The task ▸ Your output should be everything below from the line containing "昨日に巻き網が入り、群れがバ" down to the line containing "SICIS definiert Luxus", both ends included, copied exactly, with pictures left out.

Raw data ▸

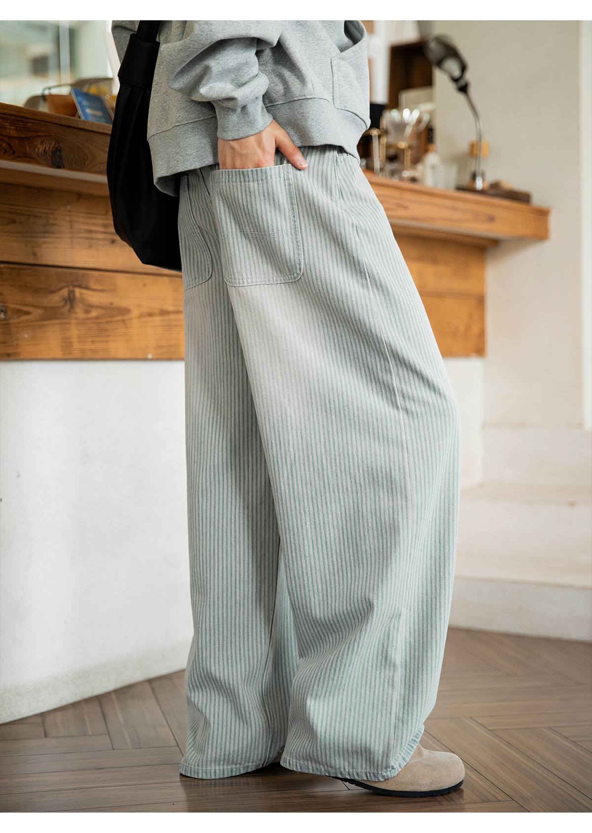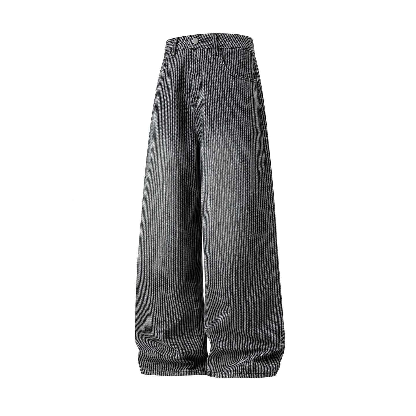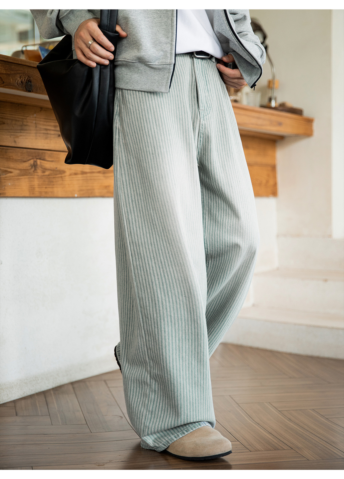 미국 레트로 스타일 세로 줄무늬 청바지 남성용 가을 모델 루즈핏 트렌디 브랜드 스트레이트 팬츠 워싱 빈티지 롱 팬츠
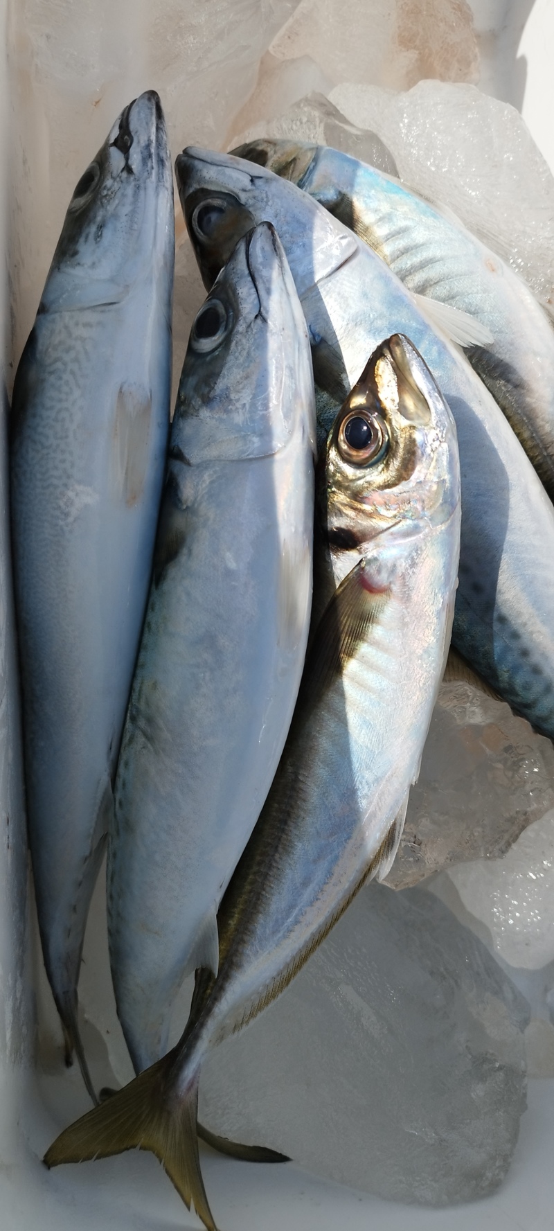 昨日に巻き網が入り、群れがバラけたと中々の難しい時間をすごし、最後のふた流しは船長が新しい群れを見つけ、家族分は釣ることが出来、何とか形にはなりました。
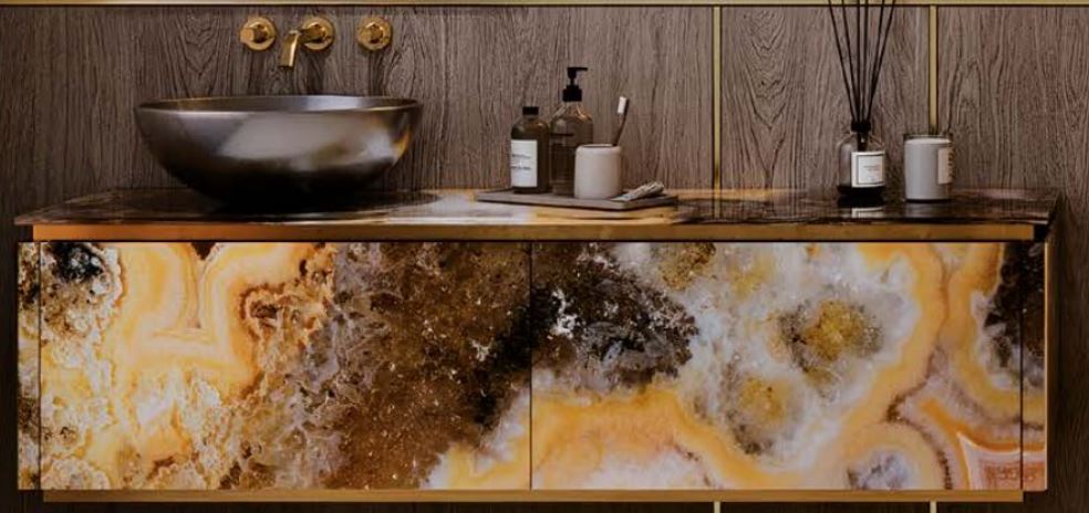SICIS definiert Luxus und Funktionalität dank Vetrite neu , einem exklusiven Material, das zum Leitmotiv einer einhüllenden und leuchtenden Ästhetik wird.
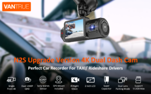 Why You Need a VANTRUE N2Pro Dual Channel 1080P Front and Inside Dash Cam? Multifunctional & Valuable: DUAL LENS for record both front and inside the car; HIGHER RESOLUTION than other similar dash cam on the market; 4IR LED lights; 24HOURS PARKING MODE for both cameras; SUPPORT 256GB MAX SD card ; OPTIONAL GPS function; LOOP RECORDING, G-SENSOR, TIME LAPSE. Stunning Video Quality: The front camera equipped with higher performance image sensor, make it record crystal clear footage at 2560x1440P/ 30fps or 1920x1080P/ 60fps while under single front camera recording mode, capturing license plates clear. Brilliant IR Night Vision: The cabin camera equipped with 4 infrared LED Lights, while turn on IR Light, the cabin camera will record at black and white in order to capture clear video even in darkness. Greatly protect you and passenger from any accidents dispute. Monitor Car Condition For 24 Hours: Under parking mode, compare to most of other dual dash cam only detect motion in front of the car. VANTRUE N2pro will automatic start record simultaneously once the front or interior camera detects any motion. Provide double protection for your car safety. Larger Memory Capacity: Support up to 256GB Max memory card, provide enough space for a long time tour recording. Record every happy moment on the road. Optional GPS Function: If need more detail data of your driving, please buy an extra N2Pro GPS Mount(ASIN:B01J5KZLQS). Help you to track your driving route, speed(KM/H or MP/H), time via VANTRUE Player. Regular firmware updates to ensure improved features and functionality for maximum quality. You can always improve the performance of your N2 Pro and view the benefits of the numerous new features and functions with latest firmware update. Strict quality control and have a professional QC team, with CE, FCC & RoHS certificated. Single Front 2.5K Recording / 1080P 60FPS You can record with the single front facing camera If you don’t need the inside recordings, the advanced OV4689 sensor and F1.8 front lens ensures it to capture crystal-clear videos of the road and license plate at: 2560x1440P/ 30fps, 2304x1296P/ 30fps, 1920x1080P/ 30fps. If you require for higher speed record, it can switch to resolution at 1920x1080P/ 60fps, help to capture more coverage details evidence in accident, let you feel easy on the way. Front 170° + Cabin 140° Wide Angle With a 170° front facing OV4689 sensor camera and 140° rear facing sony sensor camera(80° rotatable) in one body, N2 pro dual dashcams for cars front and rear shots both front and inside the cabin simutaneously in full hd 1920x1080P 30fps, perfect dual lens dash cameras for cars, taxis, Uber, rideshare, lyft drivers, commuters, and families, provides drivers and passengers with optimum protection. Taxi Dash Cam with Voice Recorded Built in micphone and speaker to capture high quality audio clear without distortion. Don’t want to record voice? Just one press to turn the micphone off. It’s important to protect you and prove your right when driving at night with passenger. 24hs Parking Monitor Monitor your car situation all day and night. After engine switch off and turn on parking mode, once the front or cabin camera detects any movement,the dual dash cam will automatic start record simultaneously. Provide double protection for your car safety. For 24 hours parking mode, please keep connect with external power source or Hardwire it (N2Pro hardwire kit Asin: B07GKS9V36) G-sensor and Loop Recording The dual dash cam for cars will automatically locks the important video segments to the “Event” folder when it detected the bumped, hit, collision etc thanks to the Gravity sensor. Also you can press the P button to lock the current video to protect a clip from overwriting. Auto Starts up and records when the ignition sparks up, loop recording saves the latest the videos and overwrites the oldest videos when card reaches capacity. Time Lapse Car Camera Time lapse function automatically takes photos at specified intervals and edit them together to a video clip so they can play much faster than real time. With this function on, you can record movements, changes, or events that take place over a long period of time, or just captures frames for a time lapse video of a multi-week road trip, greatly saved space on your memory card. Support 256GB Max memory card, recommend Vantrue SD Card ( Asin: B081VCYCLM ). Dual Dash Camera with Optional GPS Optional GPS function help you to track the driving route, location and speed in either KM/H or MP/H. Help to record more detail evidence for incident. To use GPS function, please buy an extra N2 Pro GPS mount to use it (ASIN: B01J5KZLQS). 80° Ratatable Cabin Camera N2Pro inside camera equipped with 140° wide angle, design on 80°rotatable, you can adjust it to a suitable angle for the location you would need for coverage record, fit for different car windscreen of different angle. Convenient for you to record anything important you require. Working temperature is -20 to 70°C. Ideal for any climate, which can resist more heat and cold damage to the dash camera. Besides, N2Pro Dual channel car dashboard camera will auto shut down when it is over heat, protects itself & car. Ensure you’re on safe driving on the road. Easy Installation & Compact Design The N2pro dash camera can fits nicely with the supply suction cup mount, remains firmly on the windscreen, it’s easy to lock the dash cam with a ball joint and screw clamp, ensure it’s stable if you drive on bumpy road. It’s compact size make it easy to hidden behind the rear view mirror, without obstruct your driving view. You can either use a cigarette light for power and it’s simple to set up and mounting. N2pro Dual 1080P Dash Cam Warm Tips Recommend Vantrue microSD Card(not included). DON’T use Sandisk Card. Please format SD card on your camera directly before using. Please keep the dash cam connect with power source when use it. What’s in the box?

Expected output ▸
 昨日に巻き網が入り、群れがバラけたと中々の難しい時間をすごし、最後のふた流しは船長が新しい群れを見つけ、家族分は釣ることが出来、何とか形にはなりました。
SICIS definiert Luxus und Funktionalität dank Vetrite neu , einem exklusiven Material, das zum Leitmotiv einer einhüllenden und leuchtenden Ästhetik wird.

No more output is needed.